Michael Eunan McLarnon Deeny (born 12 November 1944) MA (Oxon) FCA, is a concert promoter and prominent Name of Lloyd's of London.

==Early life==
The eldest son of a doctor, Michael Deeny was born in the small Northern Irish town of Lurgan.

Deeny was educated at Clongowes Wood College before graduating from Magdalen College, Oxford in History.

==Career==

===Entertainment Business===

After leaving university, Deeny trained as a chartered accountant and worked at Chalmers Impey in the City of London before moving to the Irish company Kennedy's Bakeries.

Deeny worked as an accountant for three years before switching full-time to the music business. The transition began when, somewhat whimsically, Deeny and his friend Paul McGuinness persuaded the Scottish singer Donovan to come out of semi-retirement (and self-imposed exile) to play at the Royal Dublin Society.

Subsequently, Deeny organised a Royal Dublin Society festival with many prominent musicians of the time, including: The Crazy World of Arthur Brown, Manfred Mann's Earth Band, and the genre-defining Irish Celtic Rock band Horslips. Shortly afterwards, Deeny became Horslip's manager.

Deeny's strategy with the band was to move them from the Irish cabaret club circuit of the time, and into the more lucrative dance-halls. He also insisted the band should tour outside Ireland to increase their fan-base – even if that meant risking a short-term loss. Consequently, Horslips were one of the first Irish Bands to gain substantial success outside Ireland.

Beginning in the early 1980s, Deeny began to manage the English singer Murray Head, seeing him through the peak of his career with the album and musical Chess and the worldwide hit One Night in Bangkok.

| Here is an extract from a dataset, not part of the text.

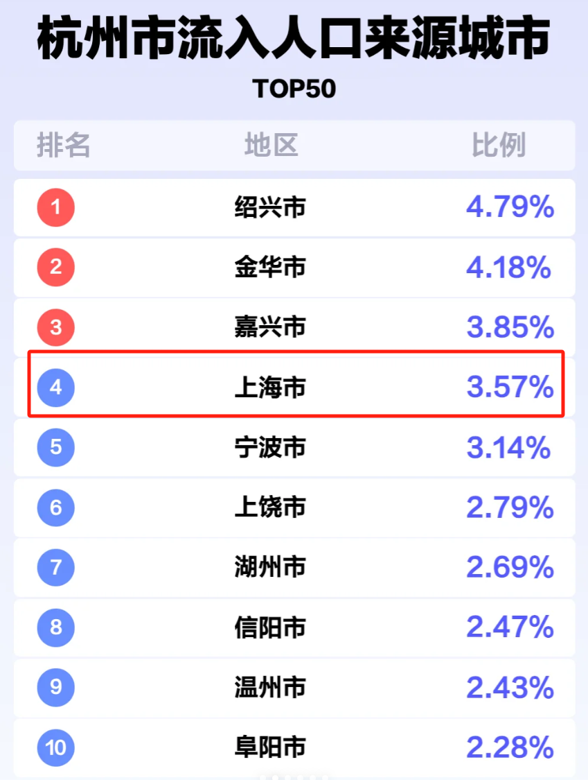 杭州最大的人才來源地,不是什麼周邊浙江的縣城,也不是什麼如安徽和河南這樣的人口流出大省,居然是上海和北京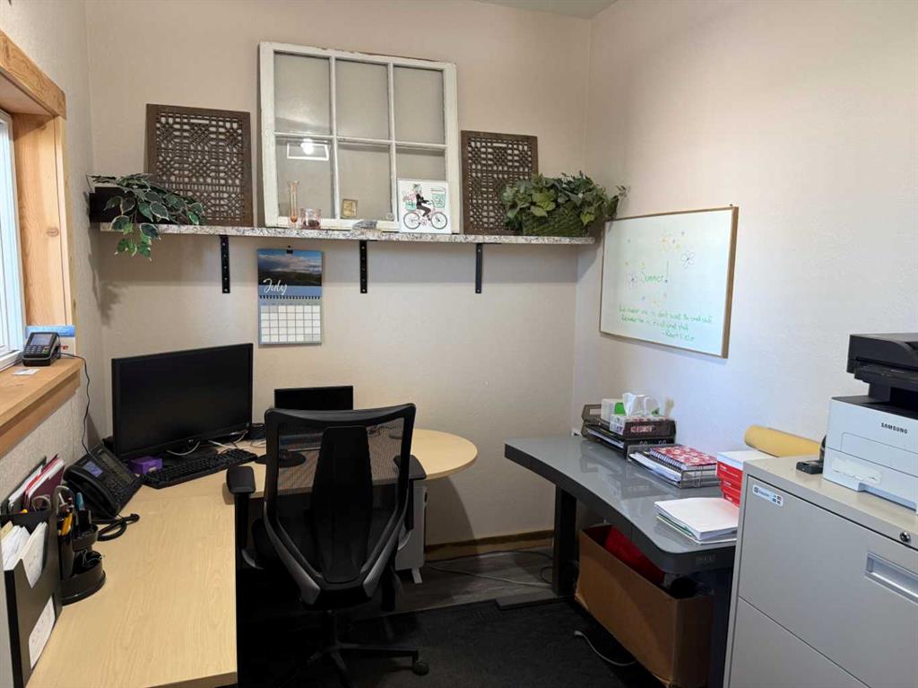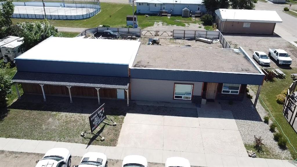 Opportunity knocks in the Village of Champion! This versatile commercial property is located at 208 Main Street and offers a mix of updated space and vintage charm. The original building, estimated to have been constructed in the 1950s, features a spacious showroom entrance, reception office, two-piece bathroom, utility room, cubicle-style office area, and a kitchenette. The ceiling height in this section is just over 10 feet, and it's currently heated by a high-efficiency natural gas furnace. (The original electric heating units are still in place should someone wish to convert back.) The roof is tar and gravel. In 2023, a large addition was constructed at the rear of the building, creating a wood-frame storage/warehouse area with approximately 13-foot-high ceilings and a 10-foot overhead door—perfect for deliveries, inventory, or workshop space. This section is not currently heated, but natural gas is available if future heating is desired. The property also includes a fenced rear yard with ample outdoor storage space. Whether you're looking for office, retail, warehouse, or a combination of uses, this flexible space is ready to support your vision! The Village of Champion is ideally situated close to popular recreational destinations including Little Bow Provincial Park, McGregor Lake, and Twin Valley Reservoir—perfect for boating, camping, and outdoor adventure enthusiasts. It’s also just a 45-minute drive north of the City of Lethbridge, offering both convenience and access to urban amenities.

He was also briefly the manager of Irish featherweight boxer Barry McGuigan.

====Influence on U2's Management====

It is widely acknowledged that Deeny's management of Horslips paved the way for the success of the Irish rock band U2. Nick Stewart, the man who signed U2 to Island Records, even went so far as to describe Michael Deeny as, "the godfather of Irish music".

Deeny's desire to break Horslips out of the Irish music scene and to a bigger audience had a strong influence on Paul McGuinness. In the book 'Unforgettable Fire: The Story of U2', journalist Eamon Dunphy claims that McGuinness expressed, "a desire to one day find his own 'baby band' and with them apply to rock 'n' roll the lessons Deeny had applied to folk-rock with Horslips".

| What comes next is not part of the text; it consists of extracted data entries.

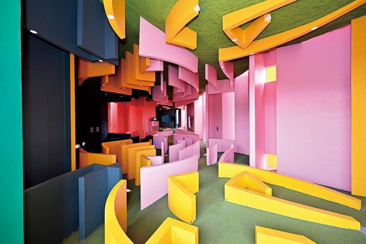水平や垂直の線を排除し、人工的な地平線を配するなど、人間の平衡感覚や遠近感を混乱させる仕かけが満載だ。岐阜県の形をした屋根と迷路のような回廊から成る《極限で似るものの家》は、パークのメインパビリオン。天井には1階部分を反転させた世界が広がる。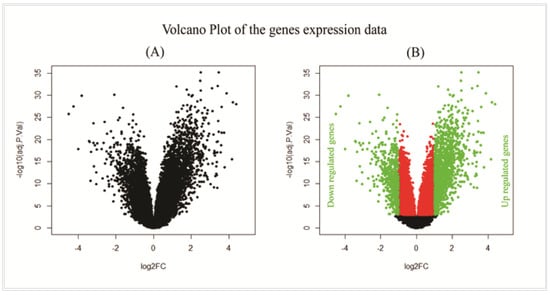Gene expression profile of microarray data. (A) The volcano plot which represents the scatter plot of log2FC values versus −log10(adjusted p-values). (B) The volcano plot highlighting DEGs, where green bullets represent the upregulated (adjusted p-value < 0.001 and log2FC > 1) and downregulated (adjusted p-value < 0.001 and log2FC < −1) DEGs selected based on the described criteria.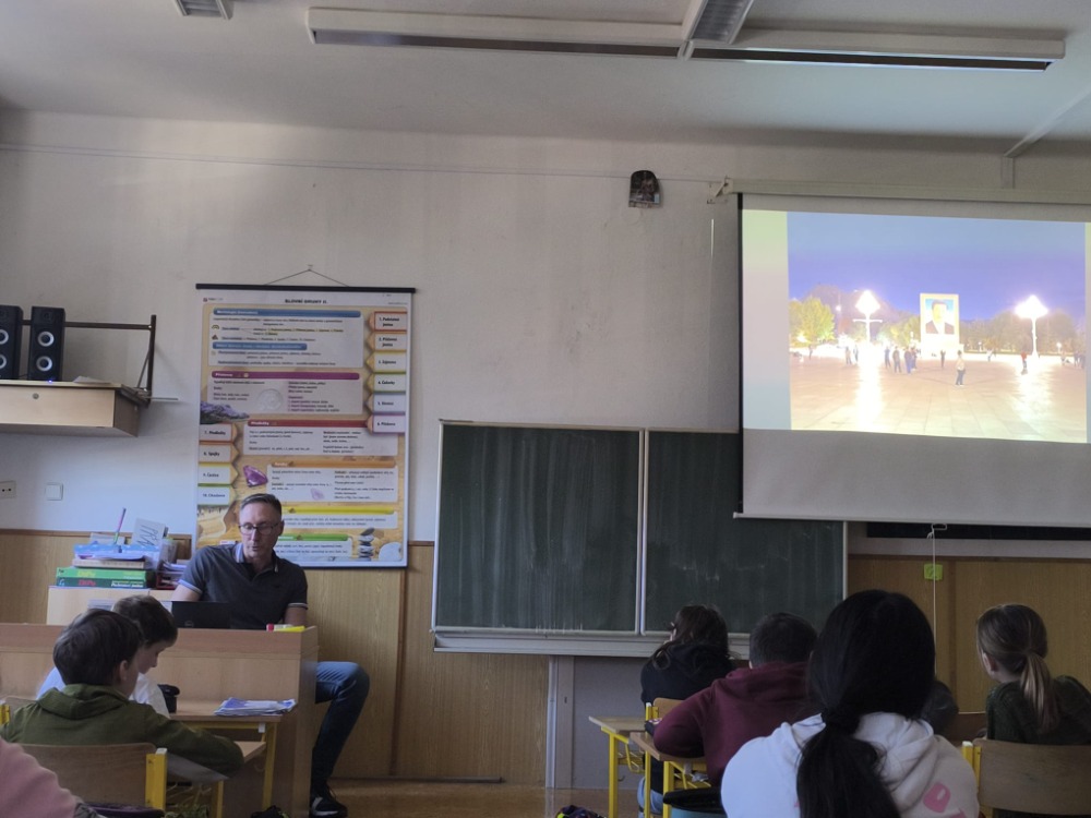 Ve středu 3. 3. 2026 proběhla v 6. třídě dvouhodinová beseda s cestovatelem Michalem Bártou, který šesťákům vyprávěl o současné Číně, neboť tam před několika měsíci tři týdny cestoval. Probíráme v hodinách dějepisu starověkou Čínu, proto bylo velice zajímavé propojení starověké historie této země se současným pohledem. Beseda byla velice zajímavá, žáci se ptali na nejrůznější otázky a myslím, že to bylo pro nás pro všechny velice obohacující a inspirující! Moc děkujeme paní asistence Janě Vosmekové, která nám toto setkání domluvila.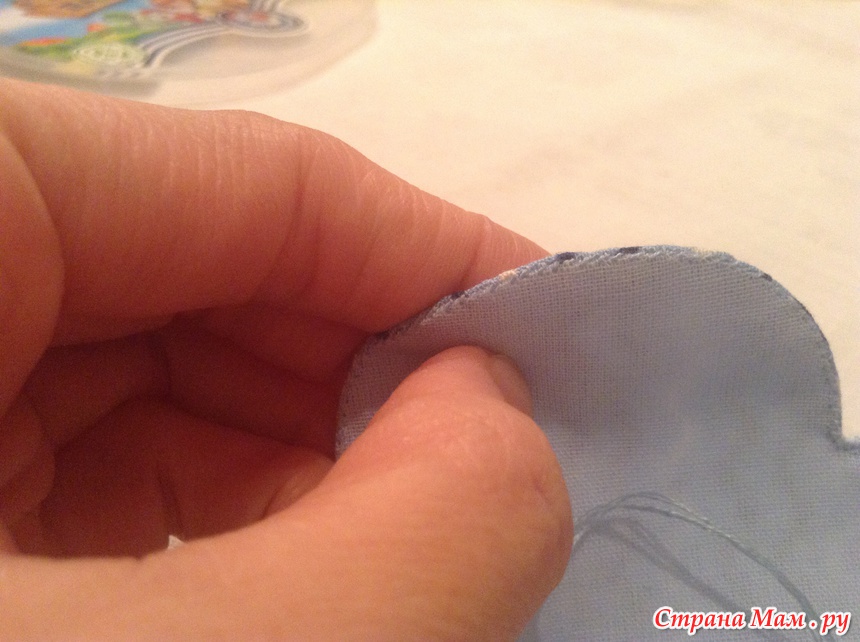 Подгибаем ткань пальцами и сшиваем.

Members of U2 also acknowledge Deeny's influence on their success. In their autobiography, 'U2 by U2', Bono comments that Deeny "really taught Paul McGuinness all he'd known...".

====Concert Promotion====

Deeny has continued to work as a concert promoter (mainly in France with business partner Gérard Drouot), working with high-profile acts including Pavarotti, U2, Bruce Springsteen, Nirvana, and The Eagles.

===Lloyd's Name===

Due to the turbulent nature of concert promotion –and the possibility of substantial financial losses– Deeny invested in becoming a member (a 'Name') of Lloyd's in 1985.

====1980s Problems====

Shortly after Deeny became a Name, several serious problems emerged within Lloyd's, causing severe losses for many members (including Deeny himself). The total lost at Lloyd's between 1988 and 1992 was estimated to be £8 billion. This occurred for several reasons.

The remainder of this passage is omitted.